終わりに彼は何を思う
「違う、俺は今から神崎を殺して世界の王になるんだ。いや、神だ。俺がこの世界を支配するんだ」
「……キング」
「くそ、殺せよ。強華‼ ヨハネ‼ ティグレ‼ リオン‼ 誰でもいい‼ 神崎を殺せよ‼」
「ごっ、ごめんね、ルーク。私達、我儘放題が発動している限り神崎に危害を加える気になれないの」
生き返らせたリオンが泣きはらした目から零れる涙を拭いながら謝罪する。
そして、その涙にはルークとの別れを予期する意味を含まれていた。
長年連れ添った幼馴染にその表情から流石のルークも悟った。
「……そうか、終わりか」
ルークの周りにその場にいた者たちが集まって来る。
最後に彼を見送る為に。
「はは、馬鹿みたいな最後だな。あれだけ多くの犠牲を払って得た頂点の椅子も数分で取り上げられてしまうとはな。そのみすぼらしさが俺らしい」
「……例え一分だろうと人が魔王になり世界を支配したのは世界史初ですです」
「払ったものに見合ってないよ」
段々とルークの声音が優しくなっていく。
そして、神崎を見上げる。
「あぁ、すっきりしないな。せめてお前を元の世界に葬れていたらまた気持ちが違ったのかな。目の前の障害が残ったままの魔王ってのもな。ほんとしっくりこない。まぁ、これも俺らしい」
「僕は君を看取ってから元の世界に戻るよ」
「はは、ほざけ。一秒でも長く俺の方が長生きしてやる」
ルークはここまでの道のりに思いを馳せた。
後悔はなく、反省もない。
ただどうしても浮かんでくるのだ。ここまで歩んできた道のりを共に歩んできた者たちが。

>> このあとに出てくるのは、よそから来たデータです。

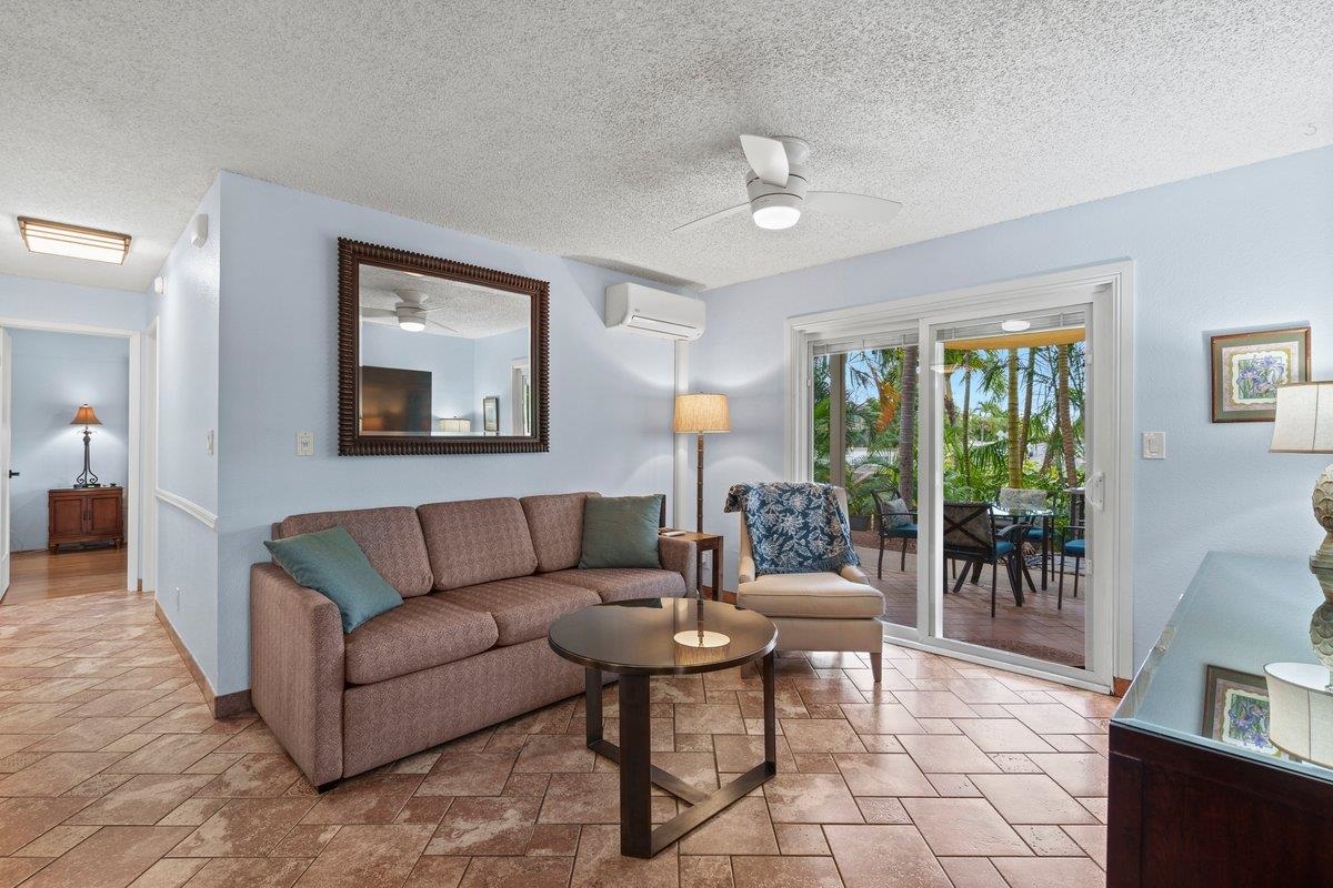 Welcome to a rarely available opportunity in Kihei Villages–where location within the complex truly matters. This 2-bedroom, 1.5-bath condo stands out as one of the most private and usable properties in the community.Set along the edge of the complex with frontage on open space, this unit enjoys a more peaceful, open setting with fewer immediate neighbors–creating a sense of breathing room that's hard to find here. Out back, you'll discover one of the home's best features: a large, fully fenced yard that has been completely reimagined. With refreshed landscaping, a brand-new irrigation system, and plenty of room to relax or entertain, this outdoor space lives more like a single-family home than a condo. Adding to the convenience, the property offers direct gated access to Kenolio Road–making it easy to head to the beach, nearby park, or your daily routine without navigating through the entire complex. From inside and out, enjoy a subtle ocean view (more than just peek-a-boo) that enhances the overall island feel. The home has been thoughtfully refreshed to feel clean, modern, and move-in ready from day one. Recent improvements include new interior and exterior paint, giving the space a bright, updated look, along with updated lighting, switches, and outlets that add a more polished, contemporary feel. Stay comfortable year-round with a split AC system in the living room and both bedrooms, providing efficient cooling throughout the home. The property is also being offered fully furnished with all new pieces, along with updated décor and artwork–creating a cohesive, comfortable space that's ready to enjoy immediately without the hassle of setting it up yourself. The open living and dining area flows naturally out to the yard, making it easy to enjoy Maui’s indoor-outdoor lifestyle every day.

「そうだ…約束があったんだった。アレーニェの村の奴等を生き返らせとかなきゃな。ついでにあいつが間抜け面を晒して滑稽だろうからにアレーニェも生き返らせといてやろう。イチとニーには大きな借りがある当然生き返らせる。バレッタは平和な世界では生き辛いかもな、嫌がらせの為に生き返らすか、そうだ他のセブンズもついでに生き返らせておこう。上手くいけば俺の遺志を継ぐかもしれん…あと、あいつとこいつと、そいつと―」
ルークがうわ言のようにぶつぶつと言葉を溢した。
床に倒れたままの彼の手が発光する。魔王の力を行使しているのだ。
例えそれが残り少ない寿命を縮めることになろうとも。
もう本当に力が残っていない。
ルークが最後に視線を送ったのは意外な人物だった。
「……勘違い、するなよ」
そこにいる誰もがルークの最後を悟っている。
だから、誰も声を出さない。その最後の言葉を聞く為に。
「これは帳尻合わせだ。後付けだ。思い付きに過ぎない」
ルークは膝をついたまま右手を挙げる。
「ただ証明したかっただけだ。証拠を残しただけだ」
ルークの声の音量が段々と小さくなっていく。
「後から絶対に微笑んだりするんじゃないぞ……ニアリス」
「……私は貴方にこそそうであって欲しかった。必要ならば最後に私のスキルを送りますよ?」
「必要ない。今の俺は心の底から笑える」
彼は最後にニアリスにそう吐き捨てて命を落とした。
その遺体は誰も今までに見たことのない満面の笑みでそこに存在していた。